DREAMM-7 trial shows sustained overall survival benefit for Blenrep (belantamab mafodotin) combination versus daratumumab combination

GSK today announced statistically significant and clinically meaningful overall survival (OS) results from a planned interim analysis of the DREAMM-7 trial evaluating belantamab mafodotin in combination with bortezomib plus dexamethasone (BVd) versus daratumumab in combination with bortezomib plus dexamethasone (DVd) as a second line or later treatment for relapsed or refractory multiple myeloma.

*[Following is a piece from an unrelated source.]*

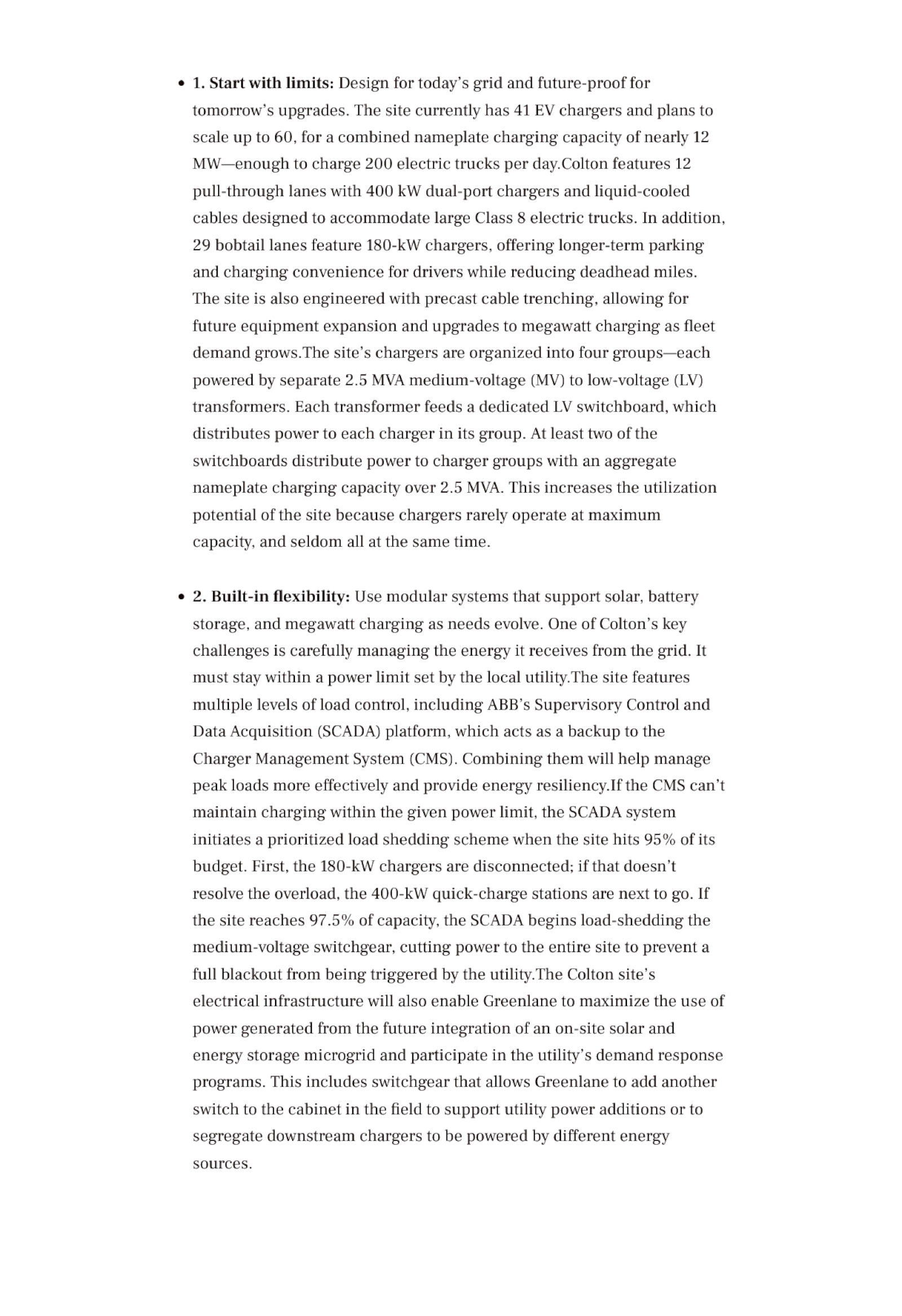 resolve the overload, the 400-kW quick-charge stations are next go. One Colton’s key

These data were featured today in an oral presentation at the 66th American Society of Hematology (ASH) Annual Meeting and Exposition.

The OS findings from DREAMM-7 build on previous data from the DREAMM-71 and DREAMM-82 trials, which showed a statistically significant and clinically meaningful improvement in progression-free survival (PFS) for both belantamab mafodotin-based combinations versus standard of care comparators.

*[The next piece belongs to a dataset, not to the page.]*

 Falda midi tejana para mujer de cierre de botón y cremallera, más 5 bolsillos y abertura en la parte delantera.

Hesham Abdullah, Senior Vice President, Global Head Oncology, R&D, GSK, said: “The compelling overall survival data from the DREAMM-7 trial establish the potential of Blenrep in combination to significantly extend the lives of patients with multiple myeloma at or after first relapse. This represents an important advancement that could redefine the treatment of relapsed or refractory multiple myeloma.”

With a median follow up of 39.4 months, the analysis presented today shows a statistically significant 42% reduction in the risk of death among patients receiving the belantamab mafodotin combination (n=243) versus the daratumumab-based comparator (n=251) (HR 0.58; 95% CI: 0.43-0.79; p=0.00023). Although the median overall survival (mOS) was not reached in either arm of the study, the projected mOS for BVd is 84 months compared to 51 months for DVd.3

The three-year OS rate was 74% in the belantamab mafodotin combination arm and 60% in the daratumumab combination arm. The survival benefit favouring BVd was seen as early as four months and was sustained over time as illustrated by the separation of the lines in the Kaplan-Meier curve.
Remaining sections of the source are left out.